ST. GEORGE — St. George Police Department has arrested and charged a Snow Canyon Middle School student after officials say he made threats of school violence over text.
Officials released a statement Tuesday evening alerting parents to a text thread sent to multiple people about a possible school shooting at Snow Canyon Middle School.
After learning the identity of the sender, the officer interviewed the student and his parents before arresting the student and taking him to a juvenile detention center. He is currently facing a third-degree felony.
“Whether it was a joke or not, we’re going to take everything as serious as we should,” St. George Police Officer Tiffany Atkin said. “Anytime we get a report, whether people say it was a joke or not, it’s going to be fully investigated. Follow-through will always be done if necessary.”
According to Washington County School District Communications Director Steven Dunham, schools will see an increased police presence Wednesday.

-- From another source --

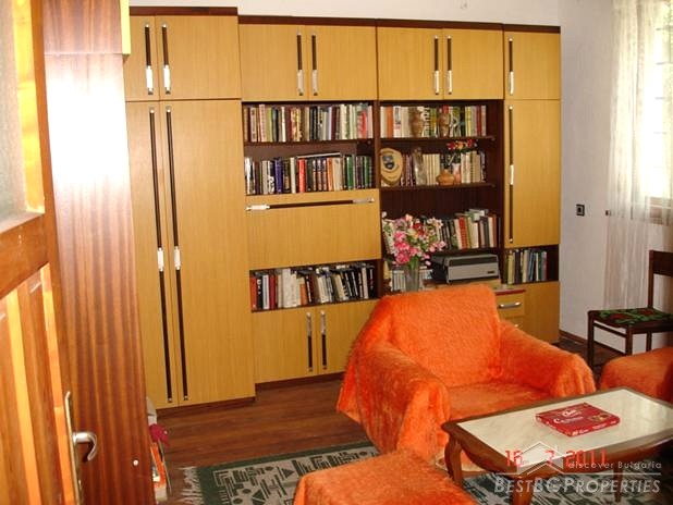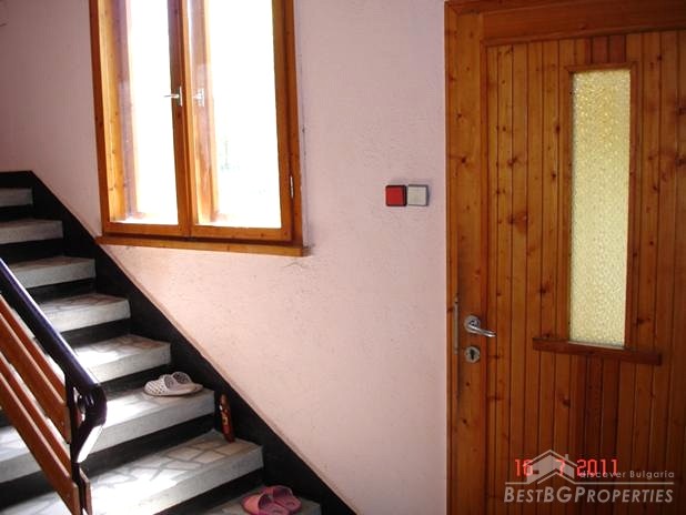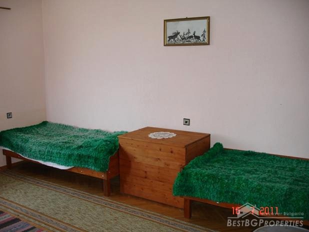 The house is situated in the center of the town and is built in 1992 year. It is two story and comprises total living area of 200 sq m. The house is very spacious with functional distribution of the premises. It also has a very well maintained yard with approximate size of 1000 sq m. The house consists of two bedrooms, living room, kitchen, two inner bathrooms with WCs, garage, summer kitchen, guest room with fireplace and wood decorated walls, large panoramic balcony. The outside decoration of the house is with stone, and the corridors are with Venetian mosaic. The house suits perfect for whole year around residence.

Tuesday’s announcement comes on the tail of a similar incident at the school last week when a shooting threat written in pencil was found on the cover of a calculator. In an email to parents at that point, principal Brad Bench said the school resource officer had investigated the incident and didn’t find any validity to the threat.

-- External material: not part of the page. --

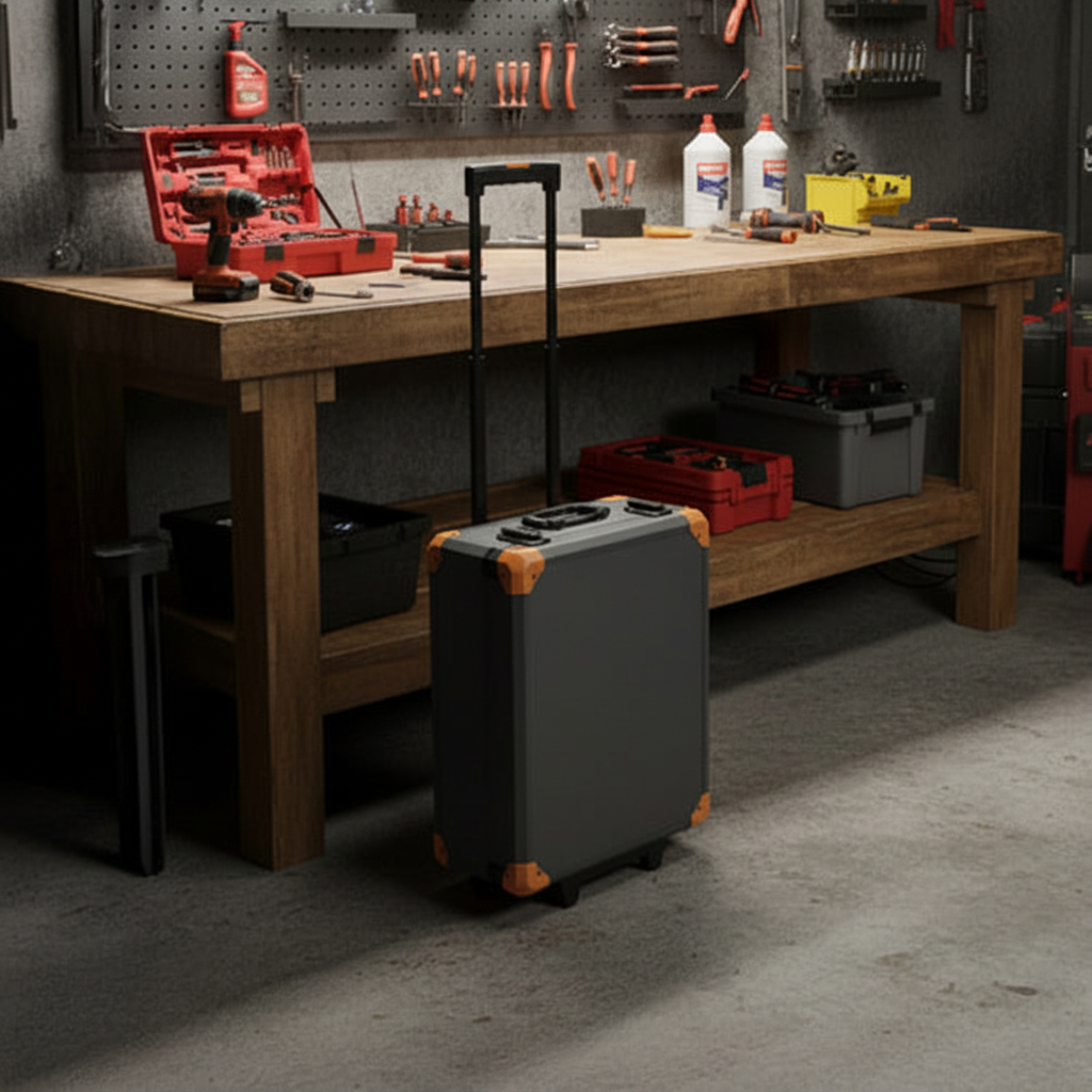 Valiza din aluminiu cu roti, ideala pentru lucrari mobile, service auto, santiere sau utilizare profesionala zilnica

However, Dunham said Wednesday that the district is asking parents to sit down with their children to discuss the severity of situations like these. Having a personal conversation with students can help them to understand that school shooting jokes or hoaxes, even among friends, are not funny and can have serious consequences.
“We want to be very clear that there is nothing funny about a joke to friends about a shooting in one of our schools,” Dunham said. “We are 100% in support of our police departments charging, arresting and dealing with student who have made threats of any nature about any of our students or any of our schools.”
The Washington County School District has already started making changes to school facilities to better ensure student safety. Last year, voters passed a $125 million school bond initiative to allow the district to add new amenities to schools in the area.
Washington County is using $1.34 million specifically for updating security measures, including the installation of security doors with sturdier frames, thicker glass and a magnetic lock. The district already added the doors to most elementary schools over the summer.
“The security upgrades haven’t started in any of our secondary schools,” Dunham said. “I don’t know when those are slated to start.”
He said despite a number of additional security measures that are being put into place, authorities have advised the district not to disclose details about those measures.